Unicode in constant @"" NSStrings

  • This message is mostly for edification and mailing-list / searching
    posterity.  Hopefully others will find it useful.

    There has been support for Unicode in constant @"" NSStrings since
    Xcode 3.0, but it wasn't a widely known nor well documented feature
    (at least, that's my impression).  Prior to Xcode 3.0 you were limited
    to 7-bit ASCII characters only, and creating Unicode strings required
    a bit of effort- the usual way was to create a UTF8 encoded C string,
    and then create a NSString from that, for example [NSString
    stringWithUTF8String:"\342\202\254 \303\237"].  I filed a bug
    (#5799172) to have the documentation updated to reflect the new
    functionality.

    Just got a note that the bug was being closed because it has been
    documented in the latest round of documentation updates.  This feature
    is now 'officially documented', which is great news for anyone who has
    to deal with Unicode strings in their source files.

    http://developer.apple.com/documentation/Cocoa/Conceptual/ObjectiveC/Articl
    es/chapter_950_section_5.html#//apple_ref/doc/uid/TP30001163-CH3-TPXREF104


    Specifically, the section regarding @"string", which I'll copy and paste here:

    ---
    Defines a constant NSString object in the current module and
    initializes the object with the specified string.

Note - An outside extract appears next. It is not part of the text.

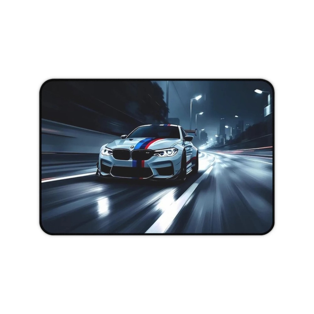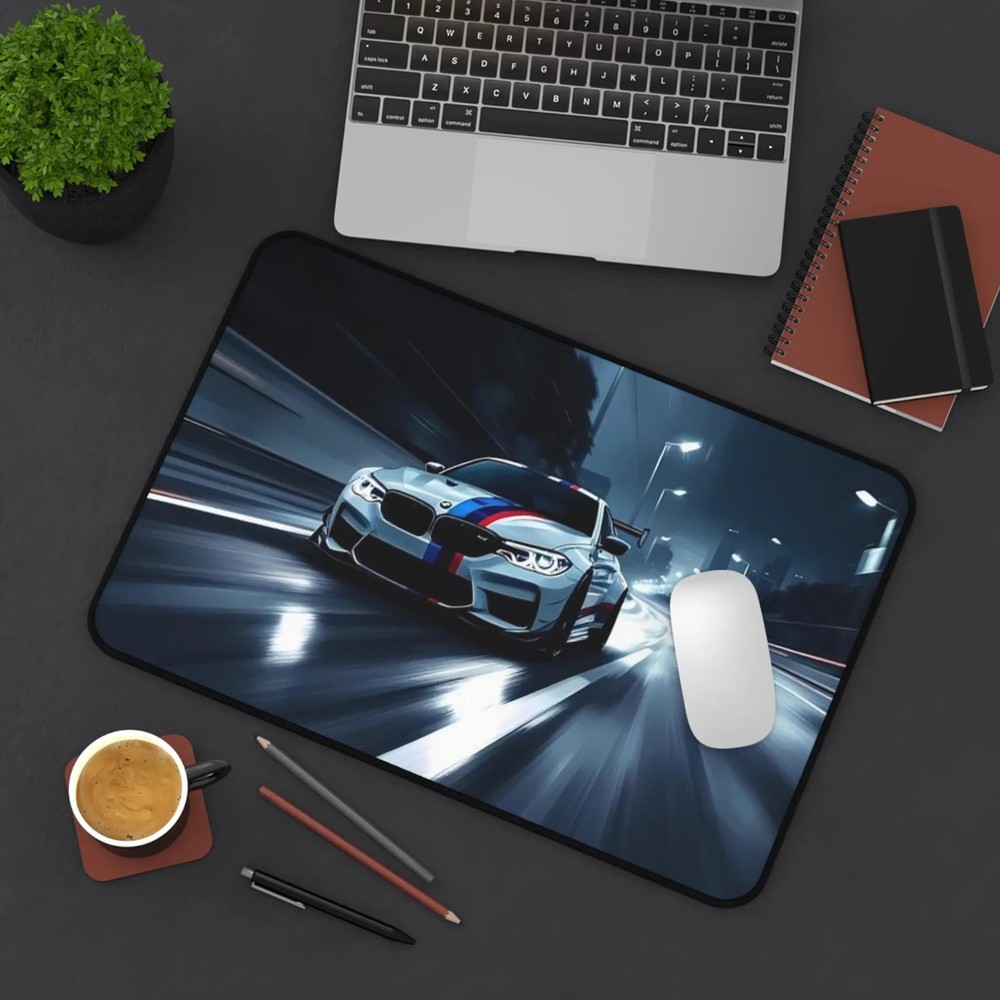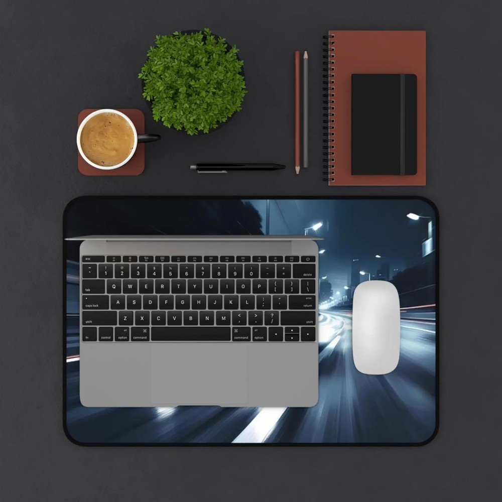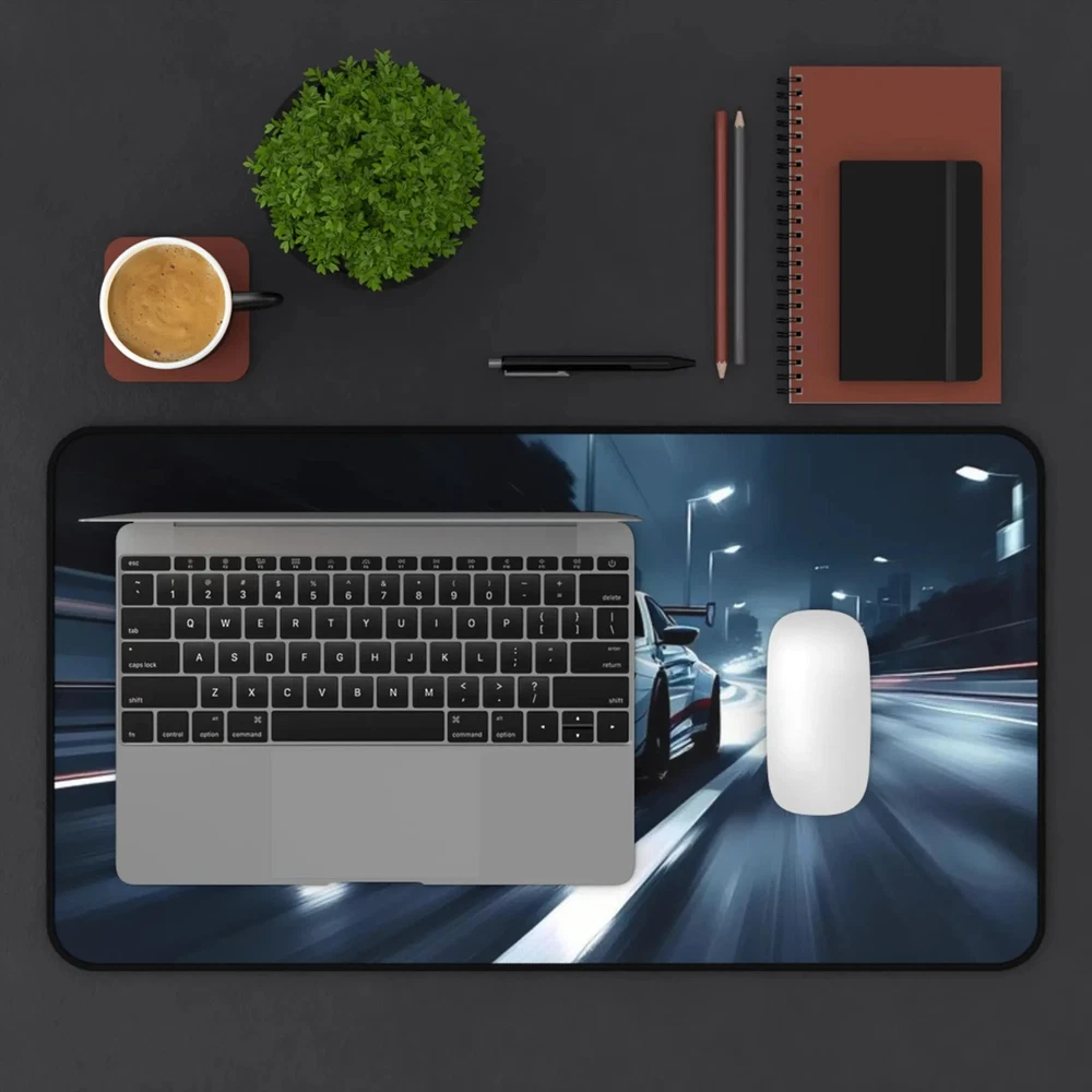 Slide into focus with a desk mat that brings the rush of night driving to your workspace. The high-contrast racing scene—sleek car, wet asphalt, neon-lit streets—adds motion and energy without shouting. Soft neoprene underfoot gives a cushioned, supportive surface for typing, sketching, or spreading out tools. Hemmed edges hold up to daily use and the textured anti-slip backing keeps everything steady during intense work sessions or late-night gaming runs. Available in three sizes to fit a compact laptop setup or a full racing-station layout. Product features - Non-slip/anti-slip neoprene backing for stable placement - Vibrant, high-definition print with crisp colors - Durable hemmed edges to prevent fraying - Comfortable, supportive 100% neoprene surface - Available in three sizes for different desk setups Care instructions - Use warm water and dish soap to clean spots off your pad. It's not necessary to soak the whole pad. For hard-to-clean spots use a soft-bristled brush.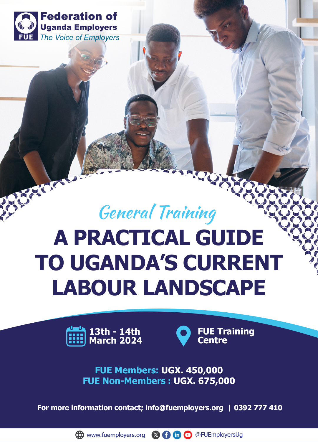 To request a customised training suited to your organisation needs, kindly reach out to Yusuf Nsubuga, the FUE Training Manager, yusuf.nsubuga@fuemployers.org

    On Mac OS X v10.4 and earlier, the string must be 7-bit ASCII-encoded.
    On Mac OS X v10.5 and later (with Xcode 3.0 and later), you can also
    use UTF-16 encoded strings. (The runtime from Mac OS X v10.2 and later
    supports UTF-16 encoded strings, so if you use Mac OS X v10.5 to
    compile an application for Mac OS X v10.2 and later, you can use
    UTF-16 encoded strings.)
    ---

    First, a warning.  The rest of this message should not be taken as an
    'authoritative reference' on the topic as many of the statements below
    have been gleamed from a combination of reading the C99 standard, the
    GCC sources, educated guesses, and occasionally outright speculation.
    You have been warned.

    The first sentence from
    http://developer.apple.com/documentation/DeveloperTools/gcc-4.2.1/cpp/Chara
    cter-sets.html#Character-sets

    sums it up nicely:

    "Source code character set processing in C and related languages is
    rather complicated."

    This is an understatement.

    GCC uses UTF-8 as its default 'source character set'.  As a general
    rule of thumb, things will probably work out the way you expect them
    too if the source code that GCC is given to compile is encoded as
    UTF-8 (UTF-8 is a superset of 7-bit ASCII, i.e. all 7-bit ASCII is
    valid UTF-8).

    C99 also defines something called the 'execution character set'.  This
    is the character set that the executing program will use and the
    character set that string literals will be converted to for their
    binary representations.  For example, a source file in EBCDIC and
    using UTF-8 as the execution character set will perform the following
    conversion:

    EBCDIC bytes for "HIJK": 0xC8 0xC9 0xD1 0xD2
    UTF-8 bytes for "HIJK": 0x48 0x49 0x4A 0x4B // Bytes that end up in
    the object file.

    It gets more complicated from here.  Since Macs are already Unicode
    savvy and UTF-8 (or ASCII) is the default source character set, I'm
    just going to skip over these details.  I mention this because, for me
    at least, I have a mental model that expects a string literal in
    source to always convert to the same sequence of bytes no matter what.
    That's actually not the case under C99 and it might catch you off
    guard.  Thankfully, the GCC default of UTF-8 is likely to produce the
    results you're expecting.  One gotcha is that Mac applications, such
    as Xcode, will use MacRoman as the default character set.  If you're
    using Xcode, you may have to change the source character set encoding
    to UTF-8 to get things to work seamlessly.  You can change this in
    Xcode by by doing a 'Get Info' on a source file, then choosing the
    'General' tab.  Roughly in the middle there should be a field for the
    file encoding.  If you change the files encoding, I'm pretty sure
    Xcode will ask if you want to convert the contents of the file to the
    new encoding, but it's been awhile since I've had to do that.  You can
    set the default file encoding using the Xcode preferences > Text
    Editing section.

    Now, back to Cocoa and Unicode in @"" strings.  The documentation, at
    least as I read it, is slightly misleading.  It is possible to have
    constant Unicode @"" NSStrings, but they do not necessarily have to be
    encoded as UTF-16 in your source code for you to take advantage of
    them.

    This part is speculation, but it's fairly reasonable.  What I suspect
    happens under the hood is that the GCC code for @"" strings goes
    something like this:

    o Escape sequences, such as \n, \u, and \U are converted to their
    respective byte sequences in the source character set.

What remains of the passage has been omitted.